__Task to complete__
Output exactly, in the material below, the lines from the one with "Free People Black" through the one with "The father-and-son duo, Enja". Omit all pictures.

__Entries supplied__
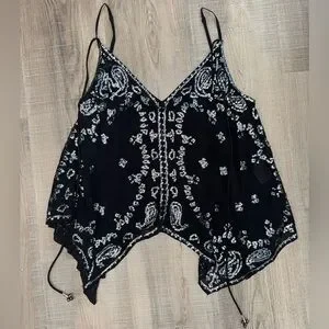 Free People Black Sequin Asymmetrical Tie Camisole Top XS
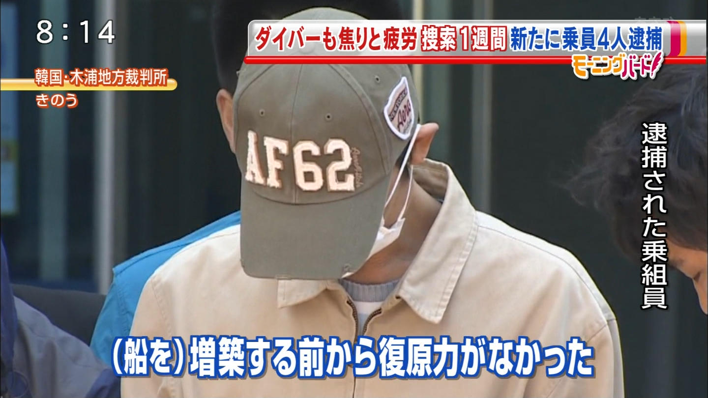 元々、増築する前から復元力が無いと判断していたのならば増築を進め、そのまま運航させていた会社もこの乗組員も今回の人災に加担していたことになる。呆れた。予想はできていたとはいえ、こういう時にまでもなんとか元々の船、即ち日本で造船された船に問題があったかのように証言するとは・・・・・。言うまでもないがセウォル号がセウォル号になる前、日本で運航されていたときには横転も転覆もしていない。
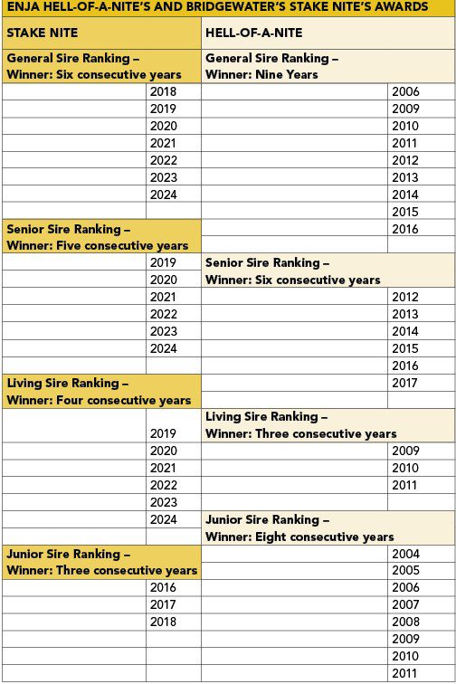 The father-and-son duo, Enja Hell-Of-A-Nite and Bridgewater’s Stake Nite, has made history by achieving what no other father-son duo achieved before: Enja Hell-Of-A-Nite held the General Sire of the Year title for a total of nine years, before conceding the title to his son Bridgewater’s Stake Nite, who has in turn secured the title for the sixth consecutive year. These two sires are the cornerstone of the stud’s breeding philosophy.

---

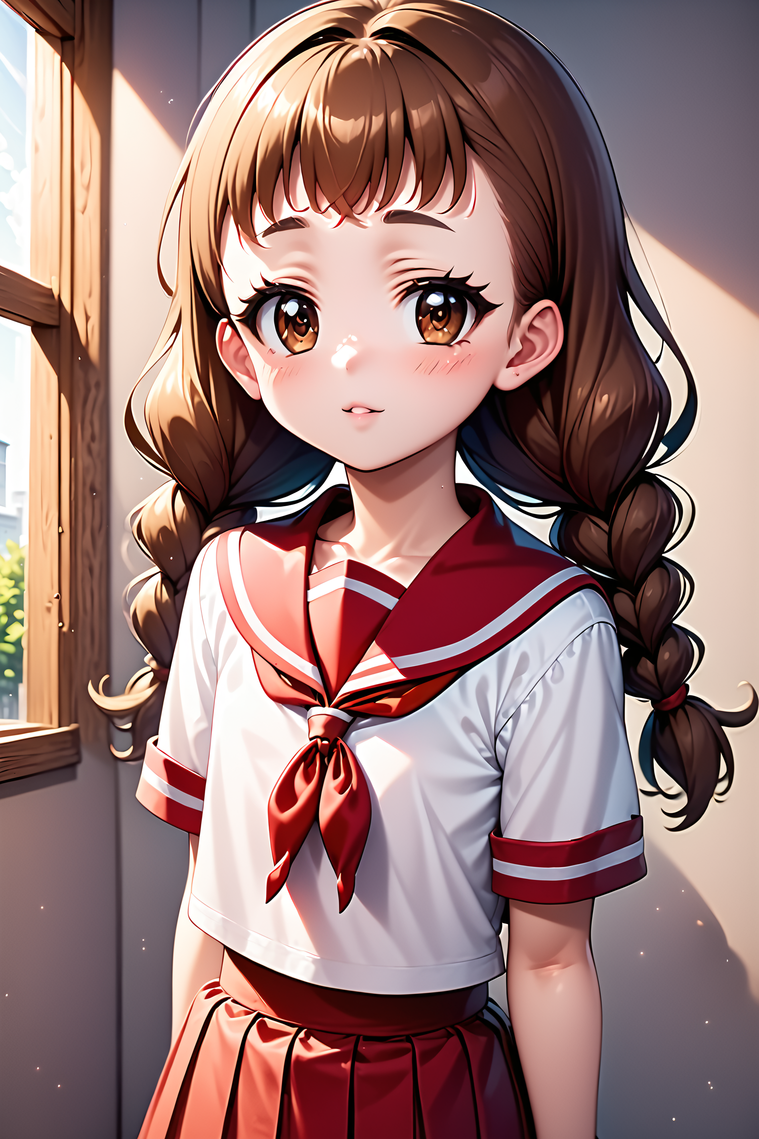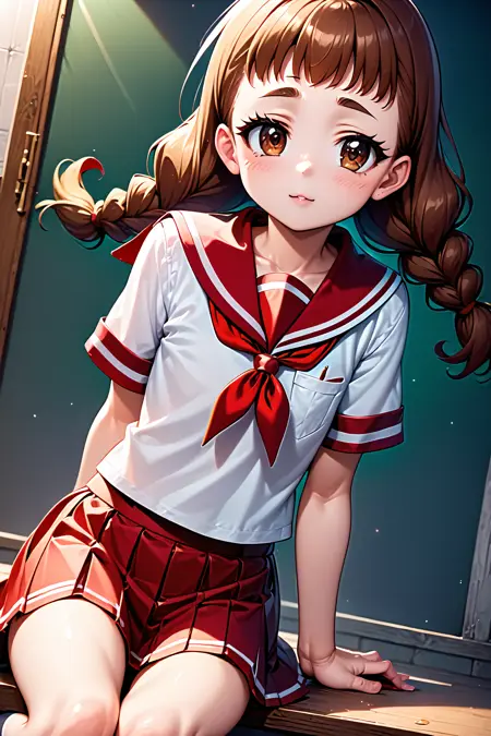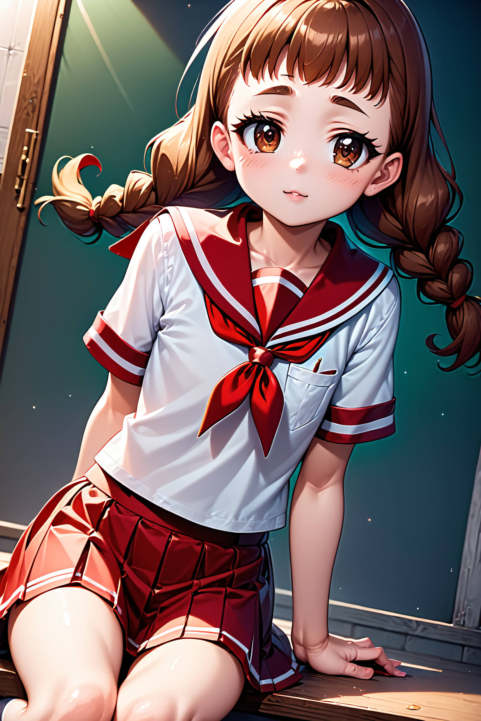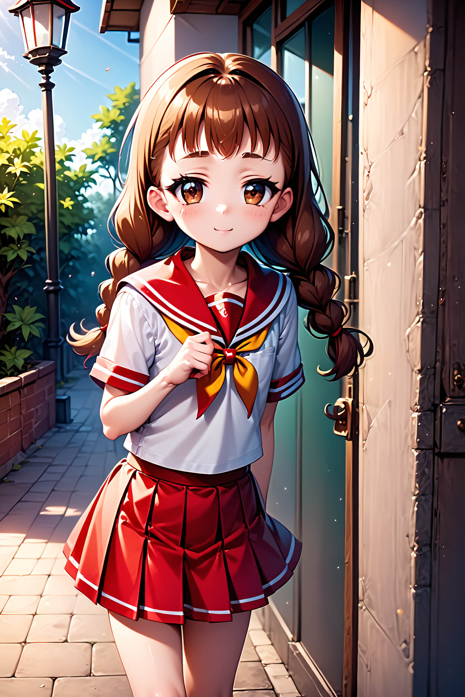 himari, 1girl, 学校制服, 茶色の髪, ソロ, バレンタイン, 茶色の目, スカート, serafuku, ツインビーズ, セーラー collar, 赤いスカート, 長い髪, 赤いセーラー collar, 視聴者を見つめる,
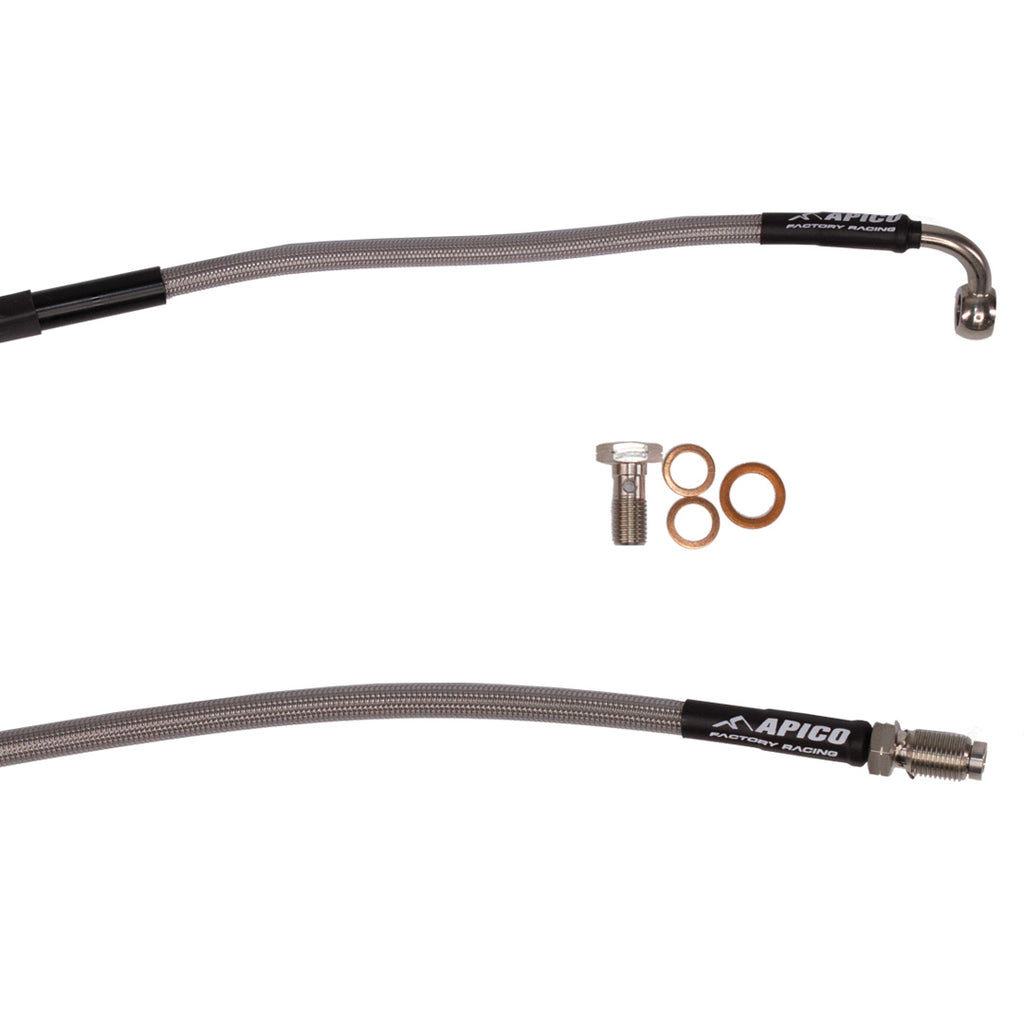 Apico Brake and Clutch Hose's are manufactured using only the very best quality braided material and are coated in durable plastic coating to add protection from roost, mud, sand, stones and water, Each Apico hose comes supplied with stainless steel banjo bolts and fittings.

--

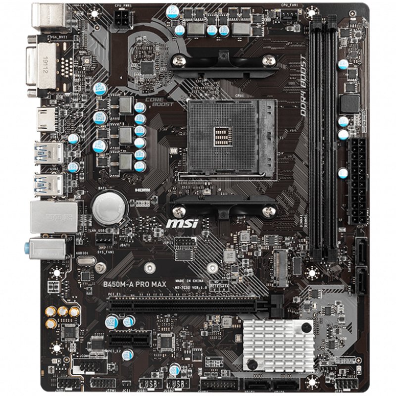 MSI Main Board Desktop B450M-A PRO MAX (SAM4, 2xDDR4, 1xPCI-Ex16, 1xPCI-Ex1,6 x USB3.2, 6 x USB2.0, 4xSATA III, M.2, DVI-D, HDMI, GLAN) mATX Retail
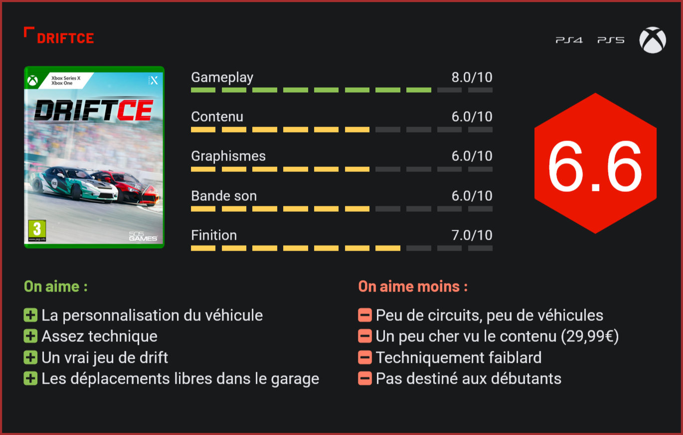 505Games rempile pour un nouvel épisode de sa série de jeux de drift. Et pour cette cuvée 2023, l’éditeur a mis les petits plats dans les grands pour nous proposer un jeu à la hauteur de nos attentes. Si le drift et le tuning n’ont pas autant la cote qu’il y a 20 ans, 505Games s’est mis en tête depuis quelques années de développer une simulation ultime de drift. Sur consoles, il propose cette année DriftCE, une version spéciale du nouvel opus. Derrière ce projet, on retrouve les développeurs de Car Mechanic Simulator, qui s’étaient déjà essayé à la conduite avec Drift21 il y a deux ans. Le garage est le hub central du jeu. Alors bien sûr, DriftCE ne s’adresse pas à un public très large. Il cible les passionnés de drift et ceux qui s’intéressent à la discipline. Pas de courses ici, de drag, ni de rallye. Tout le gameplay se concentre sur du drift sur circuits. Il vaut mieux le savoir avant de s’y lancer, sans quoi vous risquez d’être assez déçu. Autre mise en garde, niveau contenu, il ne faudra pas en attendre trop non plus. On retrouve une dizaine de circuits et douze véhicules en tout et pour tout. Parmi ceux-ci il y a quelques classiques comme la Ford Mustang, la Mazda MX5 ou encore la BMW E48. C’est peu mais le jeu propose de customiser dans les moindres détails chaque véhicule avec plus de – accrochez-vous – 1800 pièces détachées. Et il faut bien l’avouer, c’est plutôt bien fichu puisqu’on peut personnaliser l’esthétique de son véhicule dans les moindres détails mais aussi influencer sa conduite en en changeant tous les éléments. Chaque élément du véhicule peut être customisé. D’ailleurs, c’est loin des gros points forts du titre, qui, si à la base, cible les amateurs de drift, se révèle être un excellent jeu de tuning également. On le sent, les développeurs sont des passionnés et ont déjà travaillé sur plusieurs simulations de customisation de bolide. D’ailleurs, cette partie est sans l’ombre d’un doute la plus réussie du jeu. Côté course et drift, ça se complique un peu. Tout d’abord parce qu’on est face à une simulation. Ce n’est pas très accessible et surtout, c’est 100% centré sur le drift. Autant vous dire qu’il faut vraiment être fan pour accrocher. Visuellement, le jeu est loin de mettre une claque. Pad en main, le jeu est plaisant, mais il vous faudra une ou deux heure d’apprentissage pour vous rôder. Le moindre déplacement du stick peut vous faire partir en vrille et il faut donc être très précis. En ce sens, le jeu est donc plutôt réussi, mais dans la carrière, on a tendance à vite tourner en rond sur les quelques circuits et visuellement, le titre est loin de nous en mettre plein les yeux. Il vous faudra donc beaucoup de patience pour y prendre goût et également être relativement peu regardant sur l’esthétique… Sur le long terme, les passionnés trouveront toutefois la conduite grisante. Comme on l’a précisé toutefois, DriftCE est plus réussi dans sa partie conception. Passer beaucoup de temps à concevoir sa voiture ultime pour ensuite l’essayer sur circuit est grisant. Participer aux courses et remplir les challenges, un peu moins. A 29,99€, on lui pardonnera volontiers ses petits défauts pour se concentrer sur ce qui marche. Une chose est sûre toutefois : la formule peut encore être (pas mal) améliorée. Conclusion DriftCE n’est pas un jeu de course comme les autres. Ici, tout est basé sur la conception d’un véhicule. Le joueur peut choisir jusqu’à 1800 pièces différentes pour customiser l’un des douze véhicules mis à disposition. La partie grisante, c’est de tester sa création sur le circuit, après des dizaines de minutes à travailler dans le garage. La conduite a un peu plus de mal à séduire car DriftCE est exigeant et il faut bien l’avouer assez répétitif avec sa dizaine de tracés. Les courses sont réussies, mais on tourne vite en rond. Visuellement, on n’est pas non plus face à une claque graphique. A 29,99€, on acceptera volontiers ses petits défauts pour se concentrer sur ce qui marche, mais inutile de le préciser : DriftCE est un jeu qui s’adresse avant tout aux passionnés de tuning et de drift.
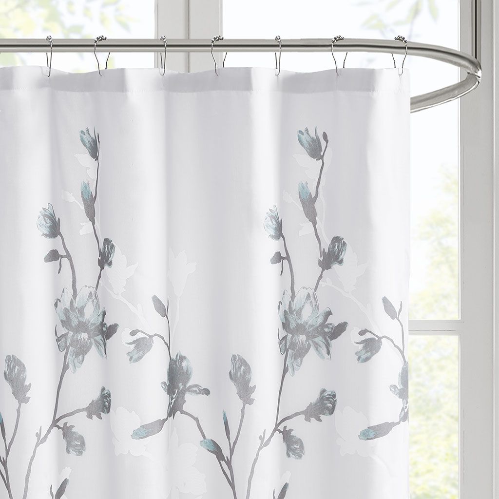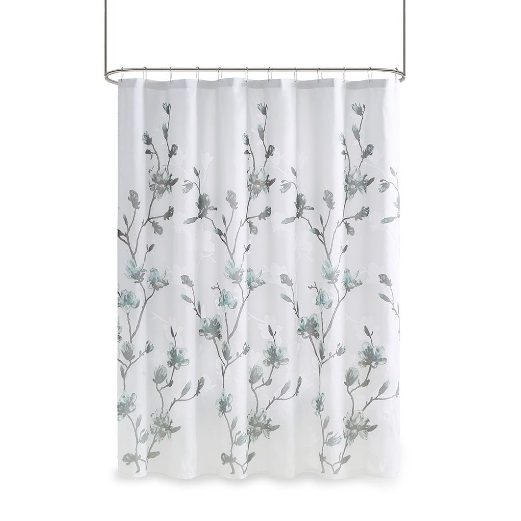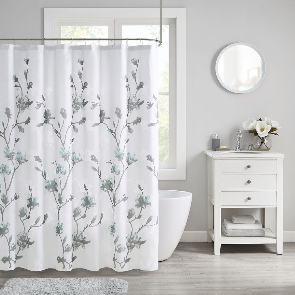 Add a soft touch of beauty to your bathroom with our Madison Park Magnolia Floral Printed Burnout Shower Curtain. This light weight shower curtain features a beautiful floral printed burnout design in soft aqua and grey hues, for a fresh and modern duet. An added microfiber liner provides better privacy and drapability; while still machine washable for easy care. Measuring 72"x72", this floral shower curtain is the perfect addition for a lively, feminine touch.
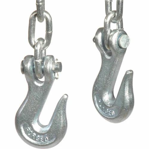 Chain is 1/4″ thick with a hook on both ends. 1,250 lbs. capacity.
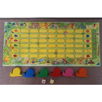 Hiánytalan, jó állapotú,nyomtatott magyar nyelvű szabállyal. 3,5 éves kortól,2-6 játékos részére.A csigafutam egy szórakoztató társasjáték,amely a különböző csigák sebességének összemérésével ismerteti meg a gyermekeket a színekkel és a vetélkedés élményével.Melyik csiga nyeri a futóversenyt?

__Answer to the problem__
 Free People Black Sequin Asymmetrical Tie Camisole Top XS
 元々、増築する前から復元力が無いと判断していたのならば増築を進め、そのまま運航させていた会社もこの乗組員も今回の人災に加担していたことになる。呆れた。予想はできていたとはいえ、こういう時にまでもなんとか元々の船、即ち日本で造船された船に問題があったかのように証言するとは・・・・・。言うまでもないがセウォル号がセウォル号になる前、日本で運航されていたときには横転も転覆もしていない。
 The father-and-son duo, Enja Hell-Of-A-Nite and Bridgewater’s Stake Nite, has made history by achieving what no other father-son duo achieved before: Enja Hell-Of-A-Nite held the General Sire of the Year title for a total of nine years, before conceding the title to his son Bridgewater’s Stake Nite, who has in turn secured the title for the sixth consecutive year. These two sires are the cornerstone of the stud’s breeding philosophy.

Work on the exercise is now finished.